YOUR OBJECTIVE: The listing below is to be duplicated exactly, with every picture omitted.

DATA IN THIS EXERCISE:
= Beginning of Section =

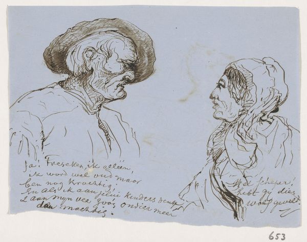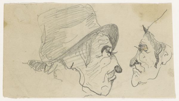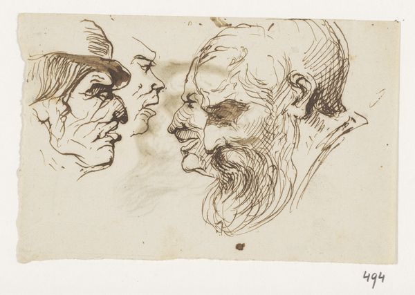Curator: We're standing before Johannes Tavenraat's "Three Caricatural Male Heads," dating from 1819 to 1881. It’s currently held here at the Rijksmuseum. It appears to be executed with pen. Editor: My first thought? Exaggeration! The artist certainly wasn’t shy about amplifying distinctive facial features here. It's got that sketch-book immediacy, like a glimpse into the artist’s imagination. Curator: Indeed. Caricature thrived as a visual shorthand in the 19th century. What makes this significant, in a historical context, is the way such imagery participated in, and sometimes challenged, social and political discourse. Cheap printed versions of such caricatures circulated widely. Editor: The heavy brow ridge in these faces gives me almost neanderthal vibes—the artist is making a statement. It's not just about physical features, but perhaps social commentary of that time. Curator: Precisely. There's a certain social leveling going on here. Consider the time frame; Tavenraat was working in the shadow of the Enlightenment and the French Revolution. Caricature became a potent tool for critiquing power and the established order. We must consider what specific message it may be delivering. What kind of men were people thinking about in these derogatory ways? Editor: I’m also struck by the artist’s line work. Look at the use of line and shading to describe the sunken cheeks, pursed lips and nose details; they become grotesque! It plays on visual archetypes and the idea of types, reinforcing certain cultural associations about those being drawn. Curator: The romanticist art period was well in motion during his time, even though it is caricature we cannot avoid his exposure to its concepts and application to social matters. Artists were starting to have very differing opinions about how artwork needed to appear to the world, or if artwork even should appear to the world at all. Perhaps this set of drawings were never designed to make the art world, perhaps these were never for anyone except him. Editor: It truly gives a feeling that you are inside of the artist’s private workspace and that no one was ever intended to see the work. Curator: This has helped me think of Tavenraat in a more nuanced context. It emphasizes the relationship between public and private art making and the political potential, of even what appears to be simple sketchwork. Editor: For me, I think about how potent the visual language of caricature continues to be. Exaggeration will always carry immense power, emotionally, culturally, even psychologically.
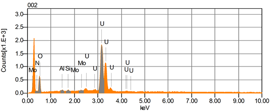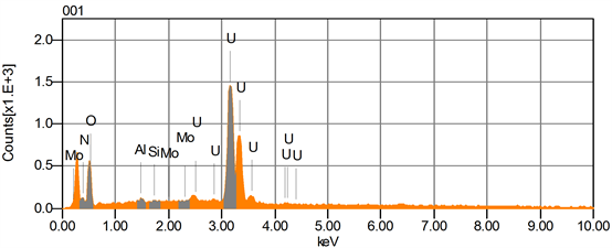 Table 4. Microanalysis results at the surface of UMo particles, corresponding to Figure 2 and Figure 3.
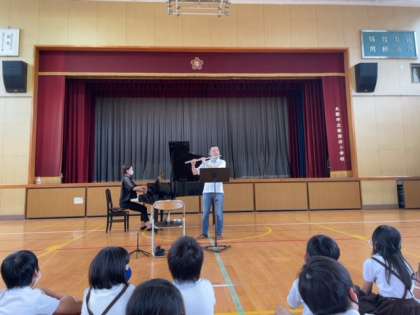 今日は大阪フィルハーモニー交響楽団のみなさんのコンサートがありました。フルートとピアノの綺麗な音色にみんなうっとり。クラシックの名曲から、みんなが知ってるアニメの曲まで、色々な曲を演奏していただきました。
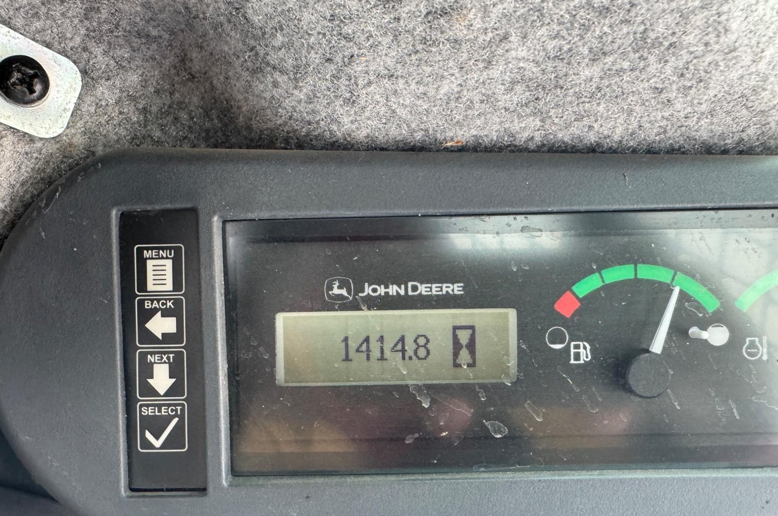 Shows 1,413 hours. Powered by a 4-cylinder diesel engine with Hi-Flo hydraulics and ISO switchable controls for versatile performance.
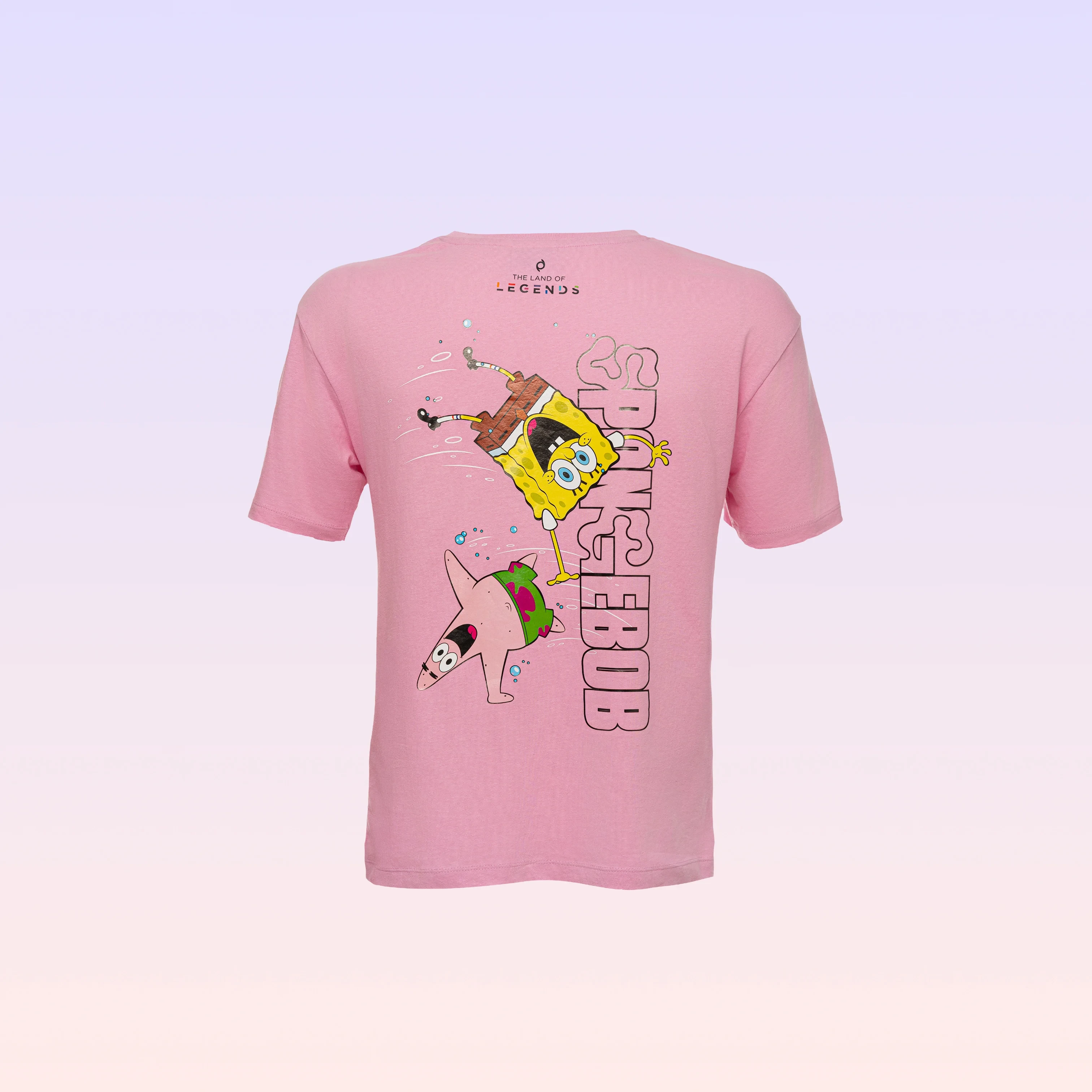 Эта розовая футболка с принтами Губки Боба Квадратные Штаны и Патрика Стара спереди и сзади — яркий элемент женского гардероба. Комфортная посадка и мягкая ткань делают её удобной для повседневной носки.
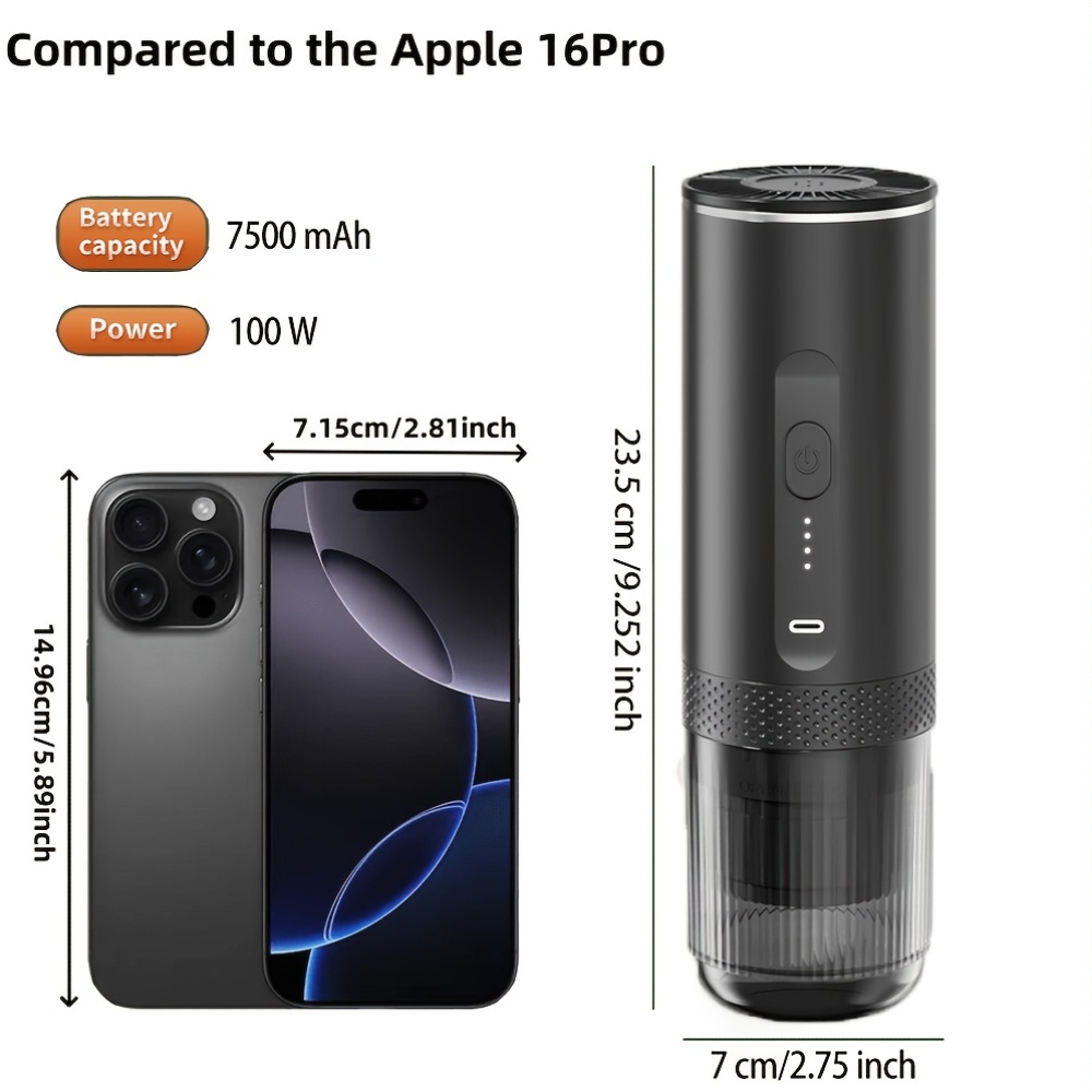 1pc Wireless Portable Italian Coffee Maker with Heating Function, 7500mAh Large Capacity Battery, No Hot Water Needed, Car Carry Coffee Machine

= End of Section =

PROBLEM SOLUTION:
Curator: We're standing before Johannes Tavenraat's "Three Caricatural Male Heads," dating from 1819 to 1881. It’s currently held here at the Rijksmuseum. It appears to be executed with pen. Editor: My first thought? Exaggeration! The artist certainly wasn’t shy about amplifying distinctive facial features here. It's got that sketch-book immediacy, like a glimpse into the artist’s imagination. Curator: Indeed. Caricature thrived as a visual shorthand in the 19th century. What makes this significant, in a historical context, is the way such imagery participated in, and sometimes challenged, social and political discourse. Cheap printed versions of such caricatures circulated widely. Editor: The heavy brow ridge in these faces gives me almost neanderthal vibes—the artist is making a statement. It's not just about physical features, but perhaps social commentary of that time. Curator: Precisely. There's a certain social leveling going on here. Consider the time frame; Tavenraat was working in the shadow of the Enlightenment and the French Revolution. Caricature became a potent tool for critiquing power and the established order. We must consider what specific message it may be delivering. What kind of men were people thinking about in these derogatory ways? Editor: I’m also struck by the artist’s line work. Look at the use of line and shading to describe the sunken cheeks, pursed lips and nose details; they become grotesque! It plays on visual archetypes and the idea of types, reinforcing certain cultural associations about those being drawn. Curator: The romanticist art period was well in motion during his time, even though it is caricature we cannot avoid his exposure to its concepts and application to social matters. Artists were starting to have very differing opinions about how artwork needed to appear to the world, or if artwork even should appear to the world at all. Perhaps this set of drawings were never designed to make the art world, perhaps these were never for anyone except him. Editor: It truly gives a feeling that you are inside of the artist’s private workspace and that no one was ever intended to see the work. Curator: This has helped me think of Tavenraat in a more nuanced context. It emphasizes the relationship between public and private art making and the political potential, of even what appears to be simple sketchwork. Editor: For me, I think about how potent the visual language of caricature continues to be. Exaggeration will always carry immense power, emotionally, culturally, even psychologically.
 Table 4. Microanalysis results at the surface of UMo particles, corresponding to Figure 2 and Figure 3.
 今日は大阪フィルハーモニー交響楽団のみなさんのコンサートがありました。フルートとピアノの綺麗な音色にみんなうっとり。クラシックの名曲から、みんなが知ってるアニメの曲まで、色々な曲を演奏していただきました。
 Shows 1,413 hours. Powered by a 4-cylinder diesel engine with Hi-Flo hydraulics and ISO switchable controls for versatile performance.
 Эта розовая футболка с принтами Губки Боба Квадратные Штаны и Патрика Стара спереди и сзади — яркий элемент женского гардероба. Комфортная посадка и мягкая ткань делают её удобной для повседневной носки.
 1pc Wireless Portable Italian Coffee Maker with Heating Function, 7500mAh Large Capacity Battery, No Hot Water Needed, Car Carry Coffee Machine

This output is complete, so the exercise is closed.